Getting Started with the Vercel AI SDK

前言

Vercel 所開源的 AI SDK 可以說是當前最好用的 AI 整合套件，在開發 AI 產品時，我們會根據不同大語言模型的優勢應用在不同的場景，這時候開發者就需要寫膠水程式碼 (glue code) 去整合各家大型語言模型的 API，AI SDK 直接解決了這個痛點，它提供單一的 API 接口即可無痛的使用任何模型。

這裡舉一個例子，假設今天要開發一個 jsExpert 的 AI 專家，這時候想要整合 Google 的 Gemini 跟 Anthropic 的 Claude，使用 AI SDK 就可以抽象化 jsExpert 這個函式，傳入所要使用的模型以及提示詞即可，不需要額外用判斷式去實作各平台的邏輯，因為 Vercel AI SDK 已經在底層幫你處理好了。

import { google } from "@ai-sdk/google";
import { anthropic } from '@ai-sdk/anthropic';
import { generateText } from "ai";

const gemini = google("gemini-2.0-flash-001");
const claude = anthropic("claude-sonnet-4-20250514");

const SYSTEM_PROMPT = "You are a JavaScript expert. Please answer the user's question concisely."

const jsExpert = async ({
  prompt,
  model,
}) => {
  const { text } = await generateText({
    model,
    prompt,
    system: SYSTEM_PROMPT,
  });

  console.log(text);
};

await jsExpert({ prompt: "What's JavaScript?", model: gemini });
await jsExpert({ prompt: "What's JavaScript?", model: claude });

本篇文章將實作簡單的 CLI 聊天介面，來介紹 AI SDK 所提供的 API。

環境設定

安裝

首先找一個平常在開發的檔案夾內，進行以下環境設定

> git init
> npx gitignore node
> pnpm init
> pnpm add -D @types/dotenv-safe @types/node @typescript-eslint/eslint-plugin @typescript-eslint/parser eslint tsx typescript
> pnpm add @ai-sdk/google ai dotenv dotenv-safe zod

在 package.json 上加入

{
  ...
  "scripts": {
    "build": "tsc",
    "start": "node dist/main.js",
    "dev": "tsx src/main.ts",
    "lint": "eslint src --ext .ts",
    "clean": "rm -rf dist"
  },
  ...
}

generateText

generateText 用法非常簡單，給定所要使用的模型 model 以及提示詞 prompt 就會得到大型語言模型的回覆。

// main.ts
import * as dotenvSafe from "dotenv-safe";
import { google } from "@ai-sdk/google";
import { generateText } from "ai";

dotenvSafe.config();

const model = google("gemini-2.0-flash-001");

const { text } = await generateText({
  model,
  prompt: "What's the ECMAScript? Please answer the question concisely.",
});

console.log(text);

streamText

儘管 generateText 能夠一次性返回完整的結果，但由於大型語言模型 (LLM) 本身的運算和傳輸延遲，使用者從提交問題到看到完整回覆之間仍需經歷等待時間，這延遲會導致使用者體驗不佳。streamText 的即時串流 (token-by-token) 功能便能有效解決這個問題。

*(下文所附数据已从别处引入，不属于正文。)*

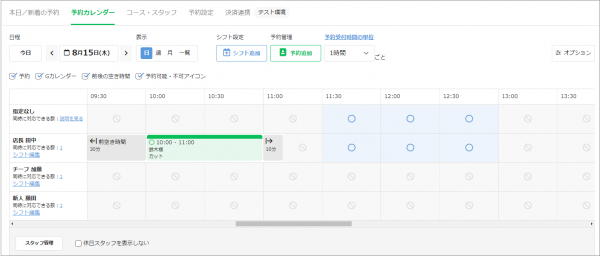 たとえば、複数人で運営している場合、スタッフのシフトや予約状況を一覧で把握が可能です。

import * as dotenvSafe from "dotenv-safe";
import { google } from "@ai-sdk/google";
import { generateText, streamText } from "ai";

dotenvSafe.config();

const model = google("gemini-2.0-flash-001");

const { textStream } = streamText({
  model,
  prompt: "What is ECMAScript?",
  // Sometimes the AI has to follow a specific behavior, no matter the prompt it receives. -- use system, it can be use both generateText and streamText
  system:
    "You are a JavaScript expert. Please answer the user's question concisely.",
});

for await (let text of textStream) {
  process.stdout.write(text);
}

streamText 會以片段 (chunk) 的方式將結果回傳到前端，如此一來，前端就能即時渲染這些部分文字，大幅提升內容呈現的流暢度。

系統提示詞 (system prompt)

當我們需要 AI 遵循特定的行為時，系統提示詞就是一個可以事先定義方法，先前我們已經看過可以放提示詞在 system 的欄位，另外一種方式則是可以將提示詞放在 messages 的陣列中。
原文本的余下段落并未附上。